By Emma Grace Howlett ‘25
I had long looked forward to my high school graduation year, 2020, as a year of opportunity and excitement, not anticipating that many of my plans would have to be rewritten. Just as I never imagined I would live through a pandemic, I never envisioned myself taking a gap year – yet that is exactly what I did.
Instead of attending Pomona College virtually from my house, I embarked on a gap year full of untraditional learning experiences. While I couldn’t travel abroad, I learned more about the incredibly rich history, culture, geology, and diversity of my own state and country.
Over the summer and fall of 2020, I backpacked over 500 miles, 350 of which were on the Pacific Crest Trail. My backpacking adventures led me to Washington state’s three national parks: Rainier, North Cascades, and Olympic. In doing so, I hiked through the Hoh Rainforest, the only temperate rainforest in North America. Moss dripped from ancient Douglas Fir trees, gray rivers churning with glacial silt wound through the valley, and black bears shyly peered from behind thick foliage. I traipsed through the Pasayten Wilderness, the only arctic tundra in the lower 48. Summiting Armstrong Mountain, I stepped into Canada, looking down at the international border carved through the forest.
I explored iconic geographic landmarks, such as Dry Falls, which was carved by the Ice Age Floods more than 13,000 years ago and was once a waterfall four times the size of Niagara Falls. In autumn, I wandered through forests of larches, mountain evergreen trees that are in fact deciduous. The blue mountains were awash with golden larch trees, their yellow needles turning the trail into a Yellow Brick Road. I carried my watercolor journal with me, doing my best to capture the stunning views with my paints. In the winter, I snowshoed on Mount Rainier, an incredibly tall, glaciated volcano famous for its alpine meadows and majestic beauty. I also learned how to be safely independent in the outdoors, completing a solo backpacking trip in the Alpine Lakes Wilderness.
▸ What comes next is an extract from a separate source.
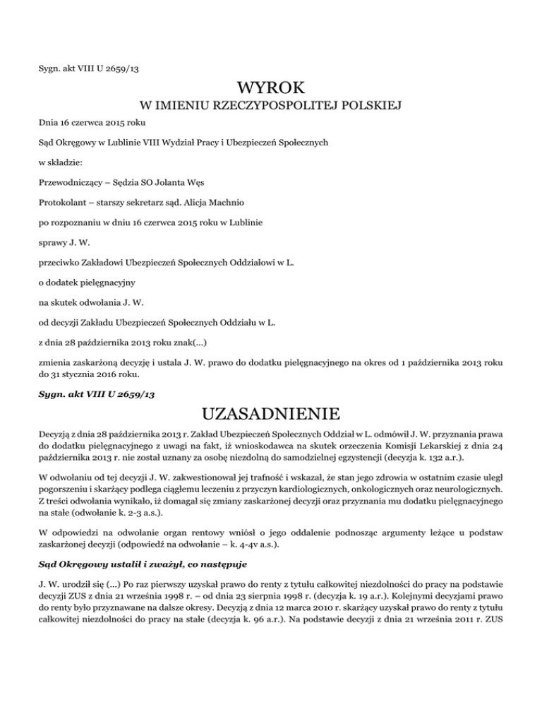 Sygn. akt VIII U 2659/13 WYROK W IMIENIU RZECZYPOSPOLITEJ POLSKIEJ Dnia 16 czerwca 2015 roku Sąd Okręgowy w Lublinie VIII Wydział Pracy i Ubezpieczeń Społecznych w składzie: Przewodniczący – Sędzia SO Jolanta Węs Protokolant – starszy sekretarz sąd. Alicja Machnio po rozpoznaniu w dniu 16 czerwca 2015 roku w Lublinie sprawy J. W. przeciwko Zakładowi Ubezpieczeń Społecznych Oddziałowi w L. o dodatek pielęgnacyjny na skutek odwołania J. W. od decyzji Zakładu Ubezpieczeń Społecznych Oddziału w L. z dnia 28 października 2013 roku znak(...) zmienia zaskarżoną decyzję i ustala J. W. prawo do dodatku pielęgnacyjnego na okres od 1 października 2013 roku do 31 stycznia 2016 roku. Sygn. akt VIII U 2659/13 UZASADNIENIE Decyzją z dnia 28 października 2013 r. Zakład Ubezpieczeń Społecznych Oddział w L. odmówił J. W. przyznania prawa do dodatku pielęgnacyjnego z uwagi na fakt, iż wnioskodawca na skutek orzeczenia Komisji Lekarskiej z dnia 24 października 2013 r. nie został uznany za osobę niezdolną do samodzielnej egzystencji (decyzja k. 132 a.r.). W odwołaniu od tej decyzji J. W. zakwestionował jej trafność i wskazał, że stan jego zdrowia w ostatnim czasie uległ pogorszeniu i skarżący podlega ciągłemu leczeniu z przyczyn kardiologicznych, onkologicznych oraz neurologicznych. Z treści odwołania wynikało, iż domagał się zmiany zaskarżonej decyzji oraz przyznania mu dodatku pielęgnacyjnego na stałe (odwołanie k. 2-3 a.s.). W odpowiedzi na odwołanie organ rentowy wniósł o jego oddalenie podnosząc argumenty leżące u podstaw zaskarżonej decyzji (odpowiedź na odwołanie – k. 4-4v a.s.). Sąd Okręgowy ustalił i zważył, co następuje J. W. urodził się (...) Po raz pierwszy uzyskał prawo do renty z tytułu całkowitej niezdolności do pracy na podstawie decyzji ZUS z dnia 21 września 1998 r. – od dnia 23 sierpnia 1998 r. (decyzja k. 19 a.r.). Kolejnymi decyzjami prawo do renty było przyznawane na dalsze okresy. Decyzją z dnia 12 marca 2010 r. skarżący uzyskał prawo do renty z tytułu całkowitej niezdolności do pracy na stałe (decyzja k. 96 a.r.). Na podstawie decyzji z dnia 21 września 2011 r. ZUS przyznał mu również prawo do dodatku pielęgnacyjnego – od dnia 1 lipca 2011 r. do dnia 30 września 2013 r. (decyzja k. 122 a.r.). W dniu 10 września 2013 r. skarżący złożył wniosek o przyznanie mu dodatku pielęgnacyjnego (podanie k. 123 a.r.). Badający go w dniu 27 września 2013 r. Lekarz Orzecznik ZUS rozpoznał: rak gruczołu krokowego leczony radioterapią i hormonoterapią w 2011 r., przewlekłą niewydolność krążenia NYHA II, stan po implantacji sztucznej zastawki mitralnej i aortalnej w 1998 r., stan po implantacji układu stymulującego, nadciśnienie tętnicze i padaczkę (dokumentacja orzecznicza) i stwierdził, że wnioskodawca nie jest niezdolny do samodzielnej egzystencji (orzeczenie k. 125 a.r.). Badająca skarżącego w dniu 24 października 2013 r. Komisja Lekarska ZUS rozpoznała: rak gruczołu krokowego leczony radioterapią i hormonoterapią w 2011 r., przewlekłą niewydolność krążenia NYHA II, stan po implantacji sztucznej zastawki mitralnej i aortalnej w 1998 r., stan po implantacji układu stymulującego serca z powodu bradyarytmii w 2011 r., stan po operacji przepukliny pachwinowej lewostronnej w 2011 r., kamicze zapalenie pęcherzyka żółciowego w 2012 r., kamicę nerki prawej (dokumentacja orzecznicza) i stwierdziła, że wnioskodawca nie jest niezdolny do samodzielnej egzystencji (orzeczenie Komisji k. 131 a.r.). Powyższe orzeczenie stało się podstawą wydania przez ZUS zaskarżonej decyzji (decyzja k. 132 a.r.). W toku postępowania, celem ustalenia czy odwołujący się jest niezdolny do samodzielnej egzystencji Sąd Okręgowy dopuścił dowód z opinii biegłych z zakresu kardiologii, onkologii, chirurgii, urologii i gastrologii (postanowienie k. 6-7 a.s.). W opinii z dnia 28 stycznia 2014 r. biegli: chirurg dr E. D., kardiolog dr A. M. (2), urolog dr W. L., onkolog dr A. C. rozpoznali u badanego: stan po wszczepieniu sztucznej zastawki aortalnej i mitralnej, stan po wszczepieniu stymulatora z powodu zaburzeń rytmu serca, stan po radioterapii z powodu raka prostaty, hormonoterapię w trakcie, kamicę nerki prawej w wywiadzie, kamicę pęcherzyka żółciowego, przewlekłe popromienne uszkodzenie narządów miednicy małej z krwotocznym zapaleniem błony śluzowej odbytnicy oraz szczelinę odbytu i stwierdzili, że skarżący jest całkowicie niezdolny do pracy i całkowicie niezdolny do samodzielnej egzystencji od dnia 1 października 2013 r. z ogólnego stanu zdrowia; całkowita niezdolność do pracy jest trwała, zaś niezdolność do samodzielnej egzystencji będzie trwała przez okres 2 lat – do dnia 31 stycznia 2016 r. W uzasadnieniu opinii biegli wskazali, że skarżący od 2012 r. był poddawany leczeniu z powodu wykrytego zaawansowanego miejscowo raka gruczołu krokowego. Otrzymał wówczas dawkę 7400 cGy podczas radioterapii na obszar podbrzusza, nadto włączono wówczas leczenie hormonalne, które jest kontynuowane. Aktualnie nie ma u skarżącego cech wznowy nowotworu, jednakże z powodu przeprowadzonej radioterapii aktualnie występują u niego cechy ciężkiego popromiennego uszkodzenia narządów miednicy małej, co objawia się powtarzającymi się krwotokami z odbytnicy, przewlekłym zespołem biegunowym z nietrzymaniem stolca, dolegliwościami bólowymi w podbrzuszu z okresowymi parciami na odbytnicę, nawracającymi stanami zapalnymi dróg moczowych. Biegli wskazali, iż stan ten potwierdza przeprowadzone w dniu 30 stycznia 2013 r. badanie kolonoskopii, które wykazało popromiennie krwotoczne zapalenie błony śluzowej odbytnicy i obecność szczeliny w kanale odbytu. Z kardiologicznego punktu widzenia biegli wskazali, że fakt przebycia przez opiniowanego operacji kardiochirurgicznej z następową koniecznością leczenia przeciwzakrzepowego

My outdoor adventures led me to scientifically and historically important places as well. While driving to a trailhead, I stopped at a massive radio telescope in the remote town of Brewster. This telescope is part of a 10-dish telescoping system called the Very Long Baseline Array, which produces images hundreds of times more detailed than the Hubble can produce. I also visited Hanford Nature Reserve, the most radioactive place in the US. Plutonium manufactured there was used in the first nuclear bomb, and I glimpsed the silvery husk of the B Reactor, the first full-scale plutonium production reactor in the world, a dot on the wasted landscape. Unfortunately, the radioactivity did not give me superpowers.
While on the trail, I read classics such as Walden, Jane Eyre, East of Eden, Wuthering Heights, The Count of Monte Cristo, Little Women, and, my favorite, The Grapes of Wrath. While at home, I learned how to cook French cuisine, including ratatouille, salade Niçoise, crêpes, coq au vin, and soupe à l’oignon. I also completed several paintings inspired by the breathtaking scenery on my backpacking trips, wrote songs on the piano and guitar, and tutored students from my local high school in English.
Although I didn’t have a “typical” gap year experience of traveling abroad, I came to have a greater appreciation for the monumental scale, remoteness, and diversity of Washington’s world-class wilderness. I learned how to be independent both in the great outdoors and in giving back to my community. I am grateful for my gap year because it allowed me to enter college as a mature, curious, and experienced student eager to enter the world of academics.